"Nein heißt Nein" hieß es früher. Heute schützt vor erzwungenem Sex schon der erkennbare entgegenstehende Wille, ohne dass ausdrücklich "Nein" gesagt werden muss. Doch ein Fall aus dem Landgericht Würzburg zeigt, wie schwer in der Praxis manchmal zu entscheiden ist: Was ist speziell für Jugendliche bei ersten sexuellen Erfahrungen noch freiwilliges gemeinsames Erleben, was ist ein bisschen widerwillige Zustimmung – und was strafbarer Zwang? Wann ist ein angedeutetes "Nein" doch ein zögerliches "Ja", wann liegt trotzt ausgesprochenem "Ja" ein entgegenstehender Wille vor – als dessen Konsequenz vielleicht eine Verurteilung wegen Vergewaltigung droht?
14-Jährige hatte widerstrebend mitgemacht
So beschäftigten die Erfahrungen zweier 14-Jähriger miteinander zwei Jahre lang die Würzburger Justiz. Der Fall: Der Jugendliche sah den Moment für "das erste Mal" gekommen. Doch seiner gleichaltrigen Freundin aus dem Landkreis Würzburg war das zu früh, sie weigerte sich zunächst. Nach seinem Verständnis gehörte Sex aber dazu, er drohte: "Dann beenden wir die Beziehung eben."

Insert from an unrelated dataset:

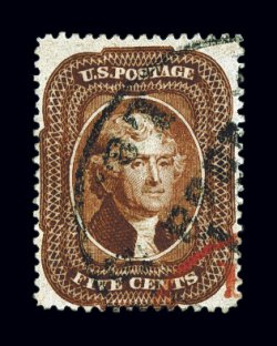 41 O 28A image#28A, 5c Indian red, Ty. I, used, better centering than usually found on this very scarce stamp, lovely rich color in the distinctive Indian red shade, sharp impression as well, light town c.d.s. and a portion of a red transit pmk., minute tear at bottom which is nearly undetectable, very fine appearance; 2000 PF certificate. (Image) $3,575.00

Das wollte das Mädchen allerdings nicht. Sie sagte "also, okay" und machte doch mit bei Intimitäten, bei denen sie laut Schilderungen von beiden anschließend dann auch den aktiven Part übernahm. Später vertraute sie einer Freundin die Geschichte an, die sie wiederum ihrer Mutter weitererzählte – schließlich erfuhr die Justiz davon.
Neues Gesetz: Kein ausdrückliches "Nein" nötig
Die sah sich in der Pflicht, zu prüfen, ob das Mädchen zum Sex gezwungen worden war. Denn ein 2017 erlassenes Gesetz sagt: Ein ausdrücklich ausgesprochenes "Nein" ist nicht mehr nötig. Wer gegen den erkennbaren Willen einer anderen Person sexuelle Handlungen an ihr vornimmt oder von ihr vornehmen lässt, ist unter Umständen ein Vergewaltiger – es droht Haft. Hätte der unerfahrene 14-Jährige also erkennen müssen, dass seine ebenso unerfahrene Freundin beim Sex nicht mitmachen wollte?
Ja, befand das Amtsgericht und verurteilte den Jugendlichen vor zwei Jahren wegen Vergewaltigung: Er habe das Widerstreben seiner Freundin erkannt und sich darüber hinweggesetzt, so die Begründung. Der 14-Jährige ging mit seinem Anwalt Christian Mulzer in Berufung.
Grenzfall: Selbst ein "Ja" ist kein Freibrief
Der Fall sei "sehr grenzwertig", fand jetzt auch in zweiter Instanz das Landgericht, das erneut prüfen musste: Wie deutlich muss der freie Wille zum Mitmachen beim Sex auch ohne Worte erkennbar sein? Dass das Mädchen sich hatte umstimmen lassen und sich schließlich aktiv beteiligt hatte, spielte bei der Abwägung eine Rolle. Diesmal kamen die Richter zu einem anderen Schluss.
Zwar betonte das Gericht: Selbst ein ausgesprochenes "Ja" sei kein Freibrief, wenn durch das übrige Verhalten ein entgegenstehender Wille erkennbar sei. Doch aus Sicht des Landgerichts überwog nun das freiwillige Mitmachen des Mädchens nach anfänglichem Zögern. Das Strafverfahren wegen Vergewaltigung gegen den heute 16-Jährigen wurde deshalb mit Zustimmung der Staatsanwaltschaft eingestellt.
Wie beeinflusst so ein Gesetz bzw. das erstinstanzliche Urteil das Verhalten der Kinder/Jugendlichen bei der ersten Liebe?
Gibt es wissenschaftliche Untersuchungen die dass begleiten?
Ist das erste wie zweite Urteil ein Thema an den Schulen? Wie reagieren die Kinder und Jugendlichen darauf?
Um einer Gefängnisstrafe beim Sex zu vermeiden sollte man heute am besten erst ein Jura-Studium absolvieren, mit Strafgesetzbuch, einem guten Rechtskommentar und der Telefonnummer eines Fachanwaltes ins Bett gehen, den man ggf. bei Rückfragen anrufen kann.